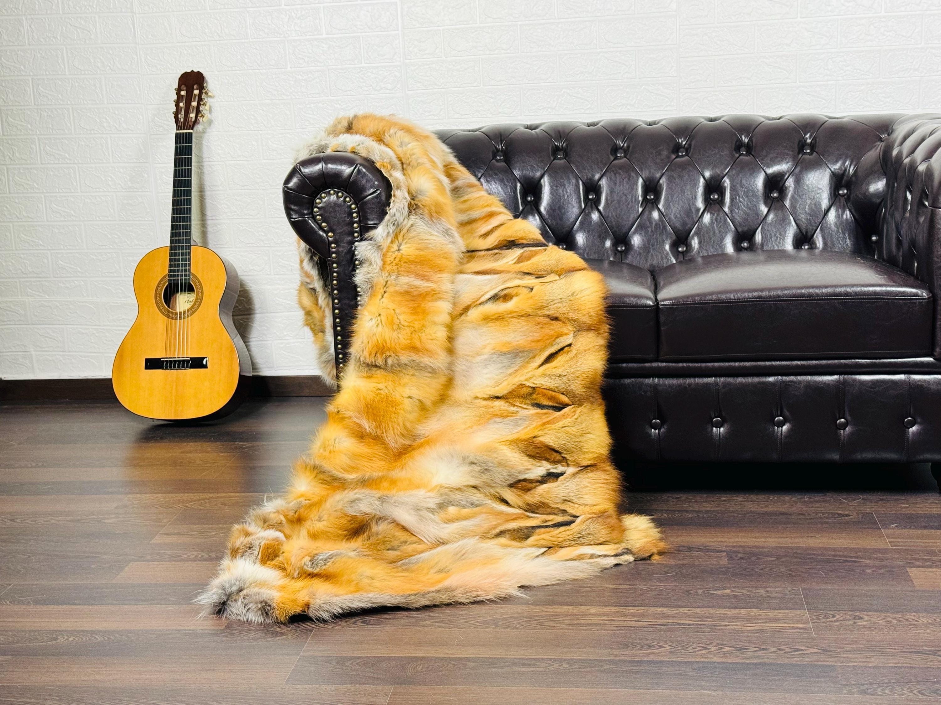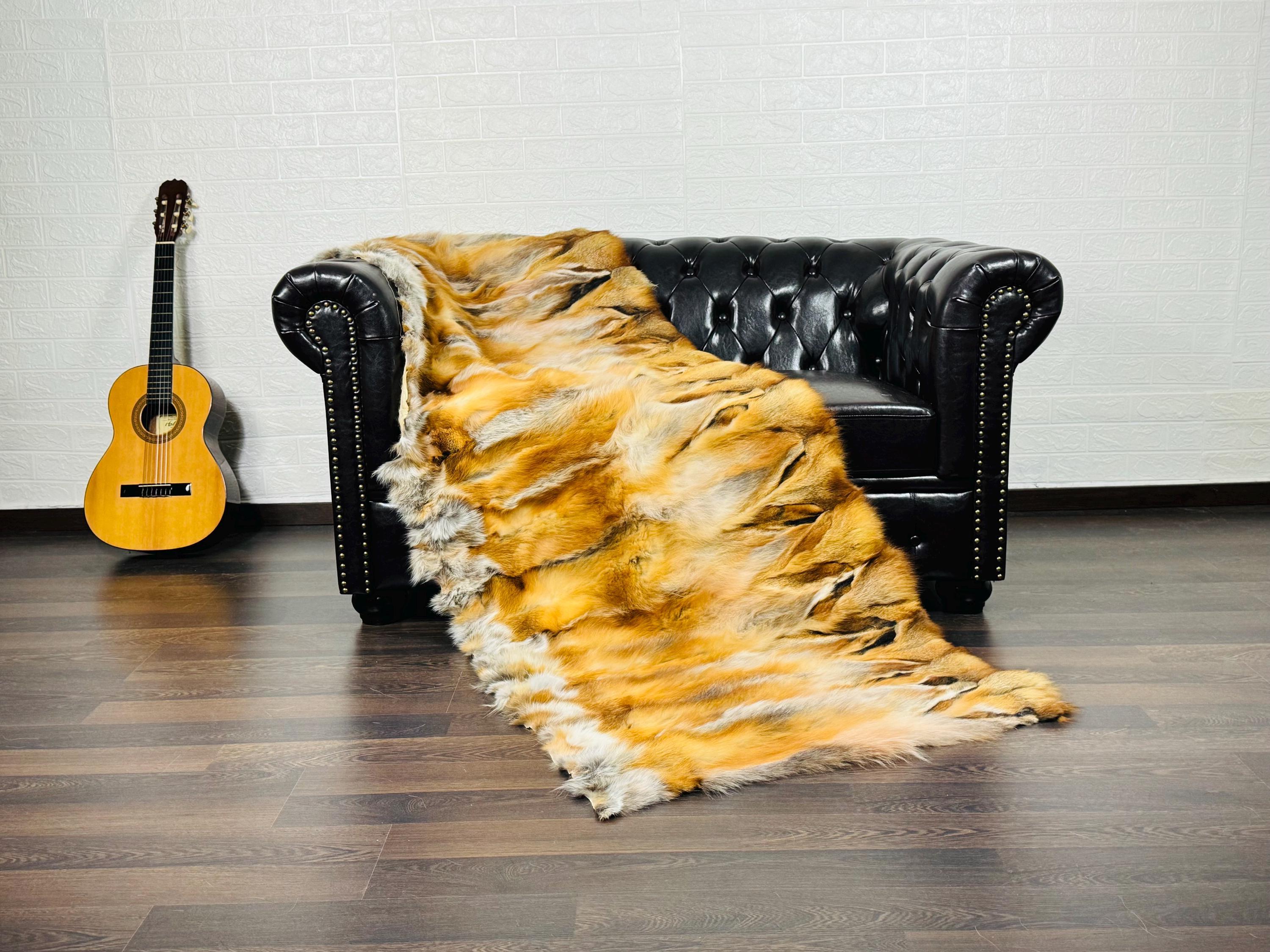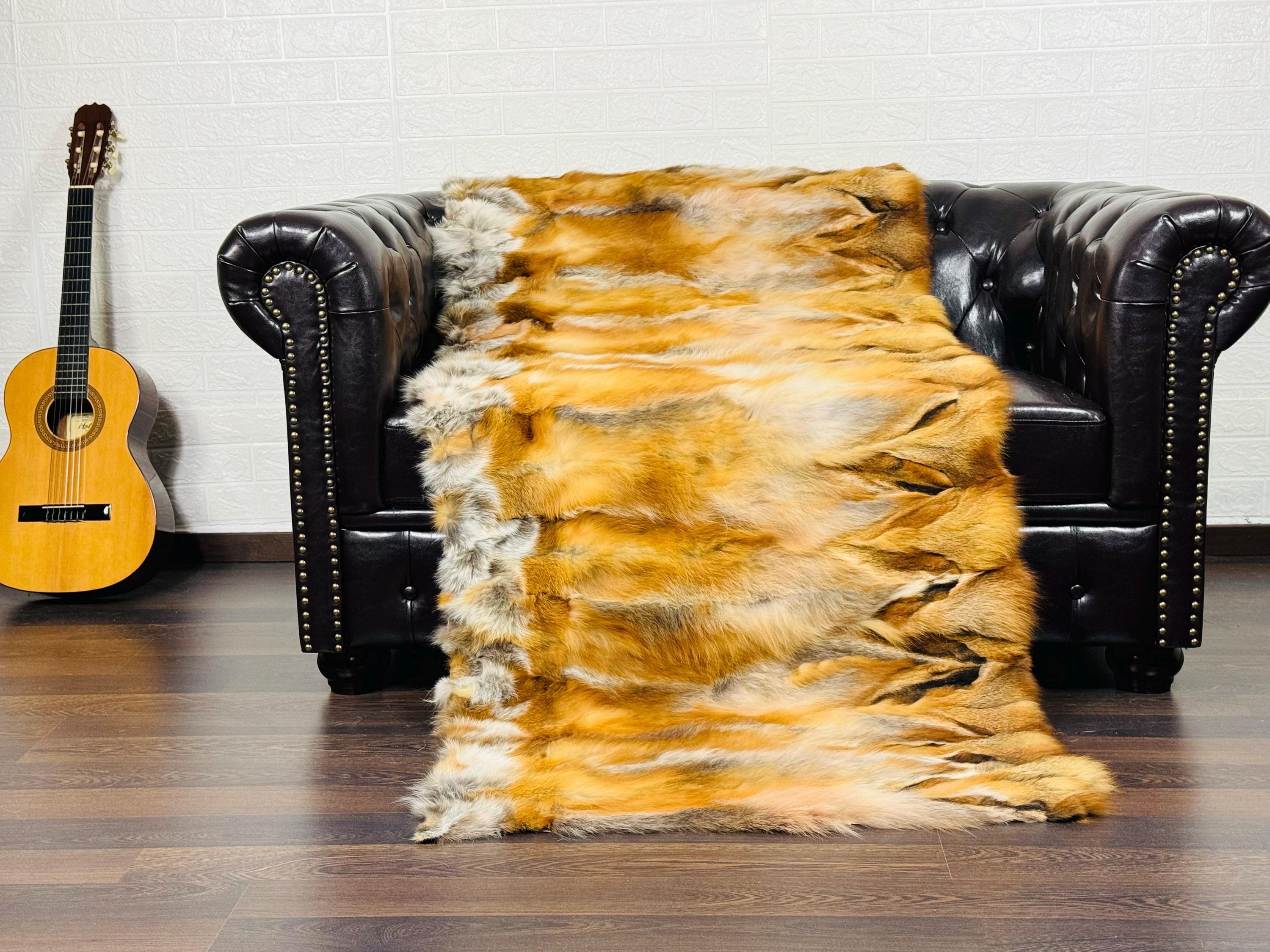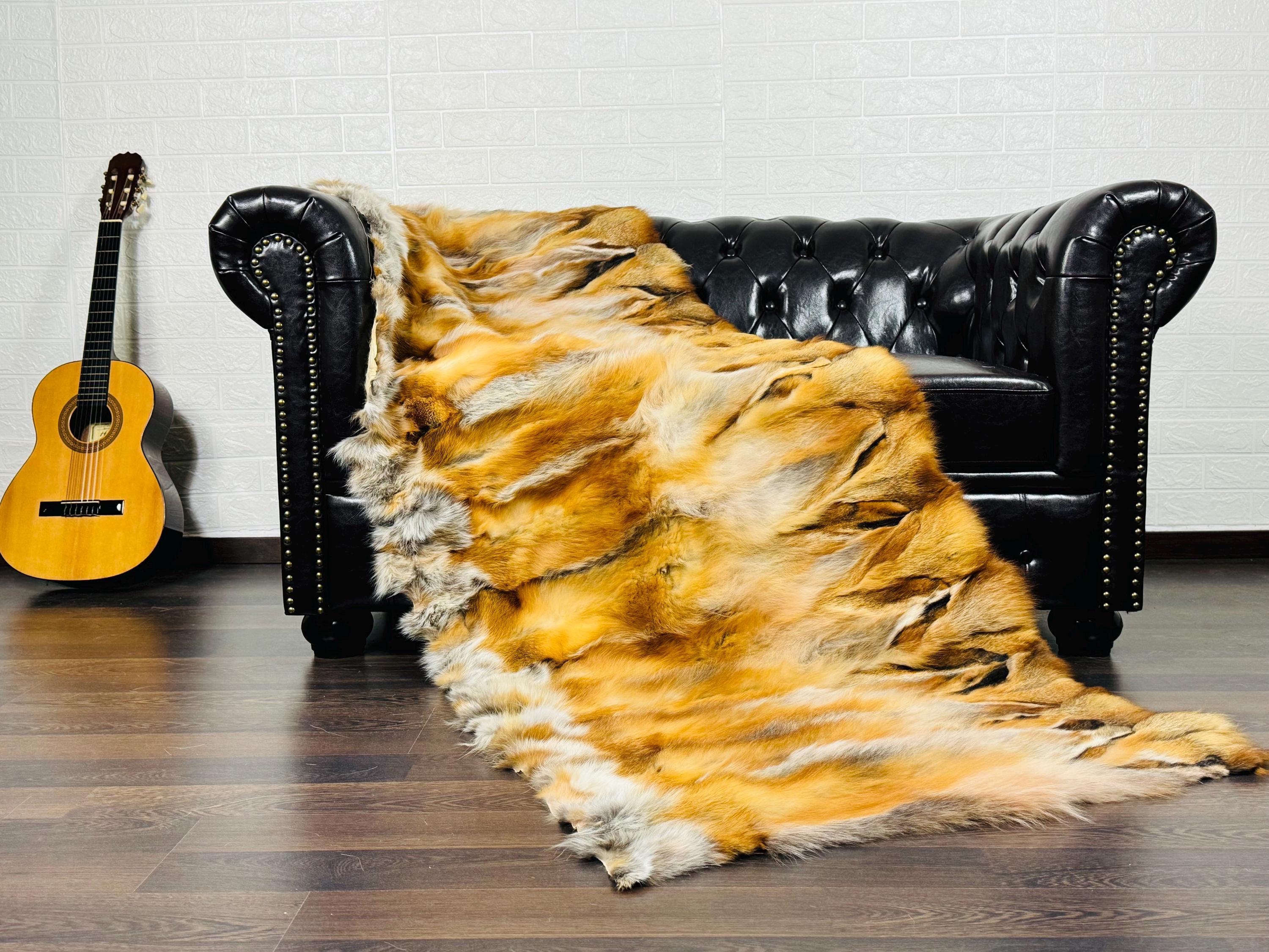 ● 1x Genuine Fox Fur Fur Blanket In Natural color Red Canadian Pattern Design
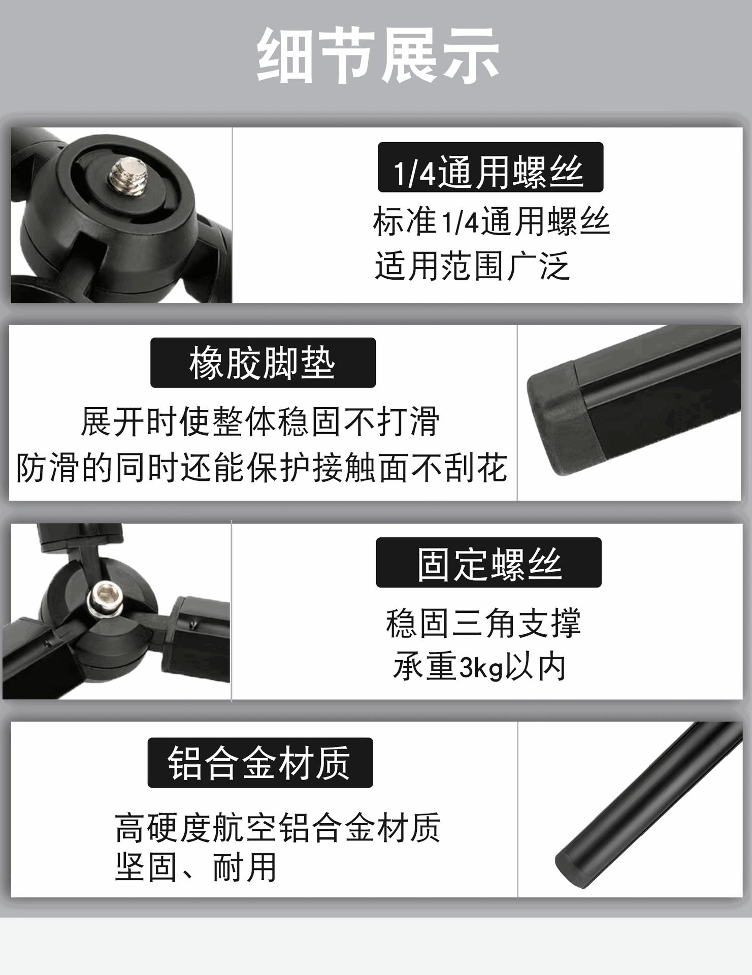 Trípode de mano con cardán, estabilizador de bolsillo de tres ejes para cámara micro SLR, soporte triangular universal de aleación de aluminio.
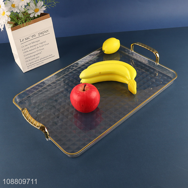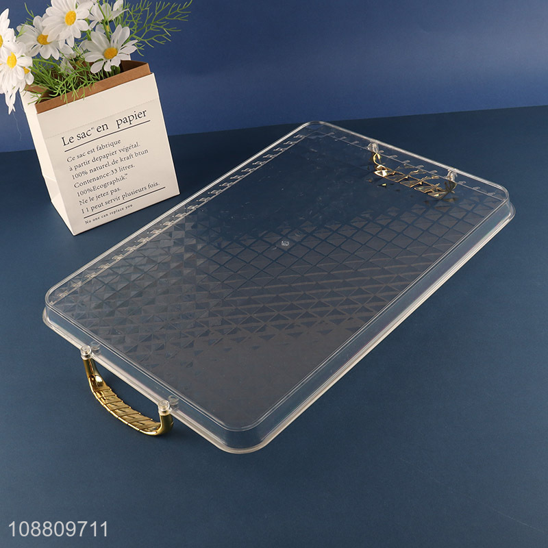 New product clear plastic food serving tray with gold handles
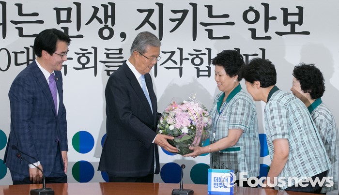 (서울=포커스뉴스) 김종인(왼쪽 두번째) 더불어민주당 비대위 대표가 17일 오전 서울 여의도 국회에서 김영숙(오른쪽 세번째) 국회 환경미화노동조합 위원장 등 관계자들에게 직접고용 해결과 관련 꽃다발을 증정받고 있다.
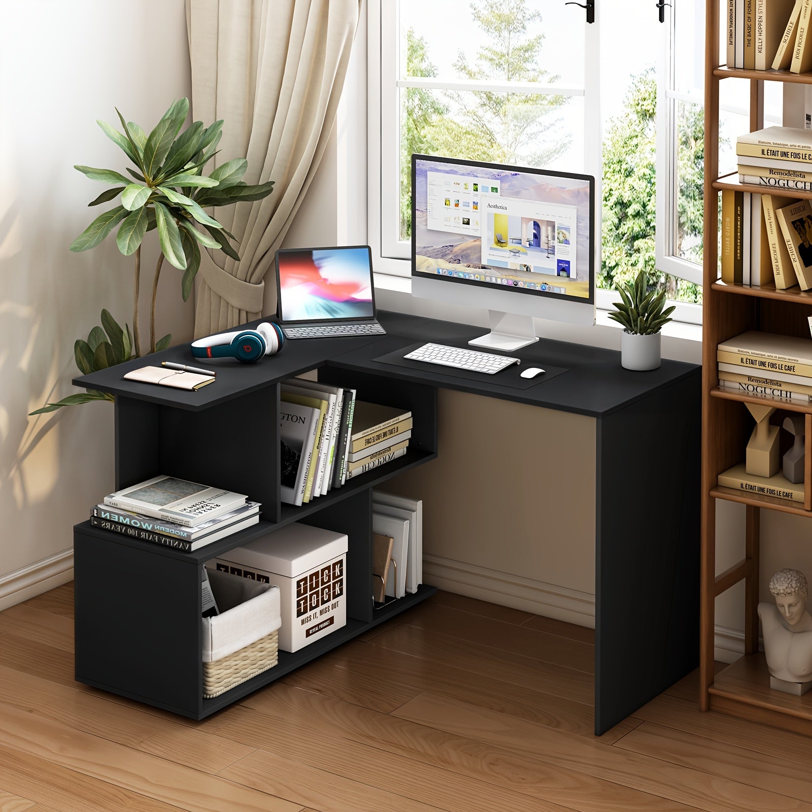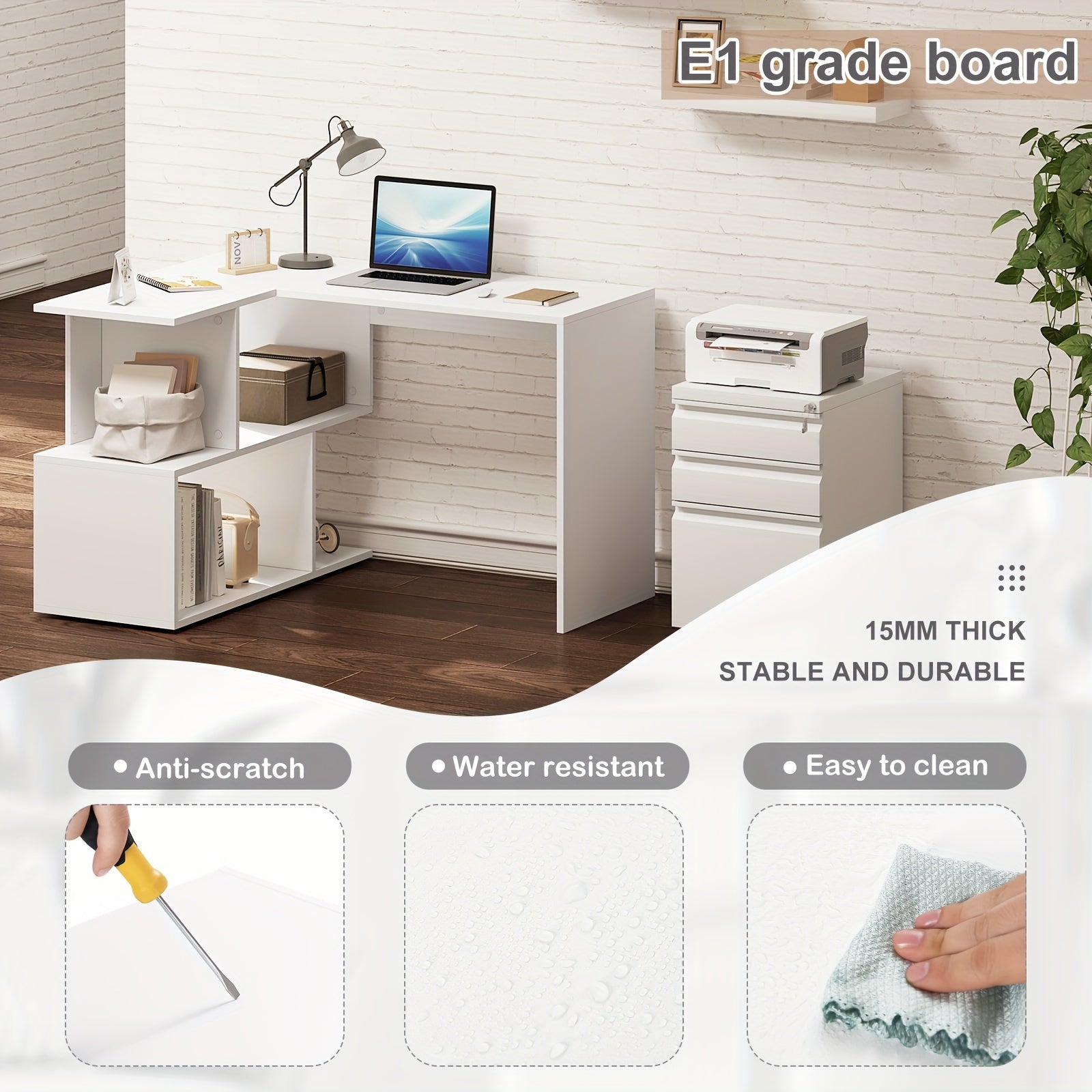 1pezzo Scrivania a L, 120X100Cm, Scrivania da Ufficio, Scrivania per Computer, con Ripiano, Scrivania a Angolo, Lavorazione
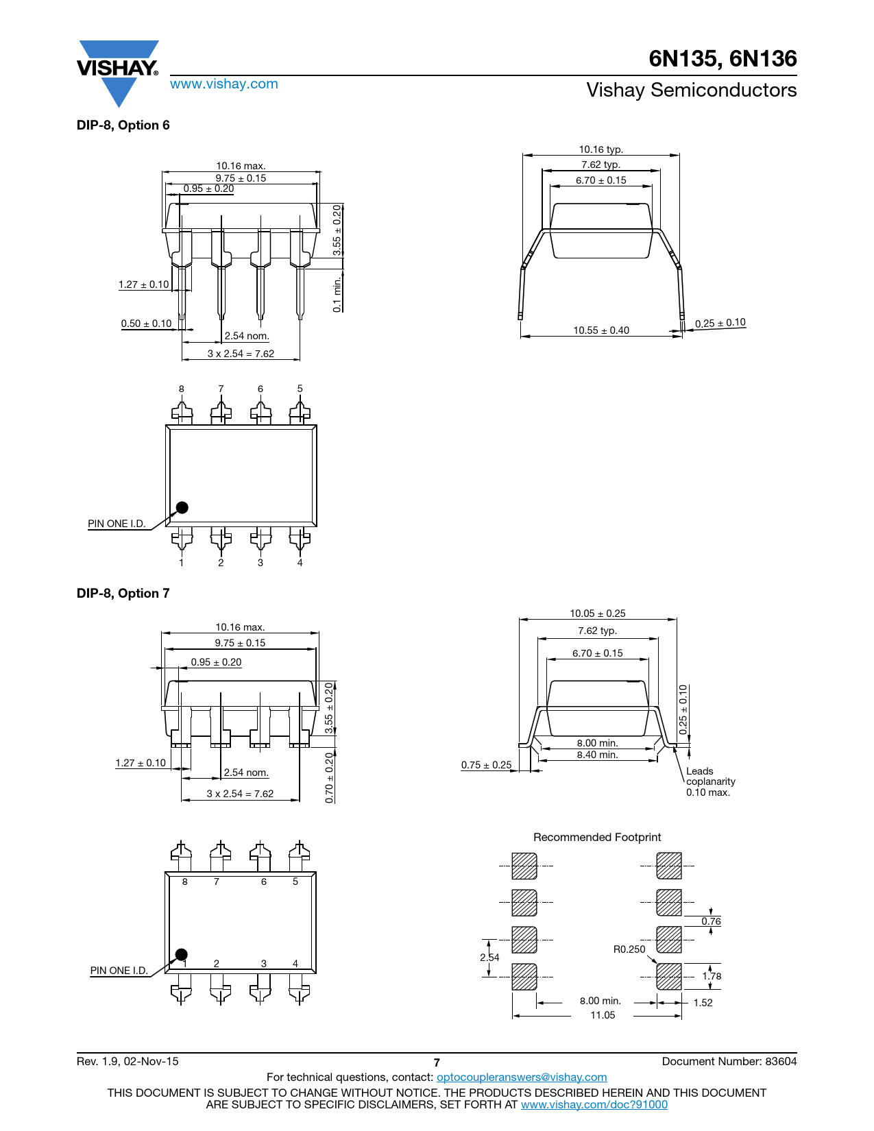 | Páginas / Página | 10 / 7 — 6N135, 6N136. DIP-8, Option 6. DIP-8, Option 7 |

=== TASK ITEM ===
Could you transcribe exactly the entries above, but only the lines from the one with "Trípode de mano" through the one with "1pezzo Scrivania a", and without pictures?

=== EXERCISE SOLUTION ===
 Trípode de mano con cardán, estabilizador de bolsillo de tres ejes para cámara micro SLR, soporte triangular universal de aleación de aluminio.
 New product clear plastic food serving tray with gold handles
 (서울=포커스뉴스) 김종인(왼쪽 두번째) 더불어민주당 비대위 대표가 17일 오전 서울 여의도 국회에서 김영숙(오른쪽 세번째) 국회 환경미화노동조합 위원장 등 관계자들에게 직접고용 해결과 관련 꽃다발을 증정받고 있다.
 1pezzo Scrivania a L, 120X100Cm, Scrivania da Ufficio, Scrivania per Computer, con Ripiano, Scrivania a Angolo, Lavorazione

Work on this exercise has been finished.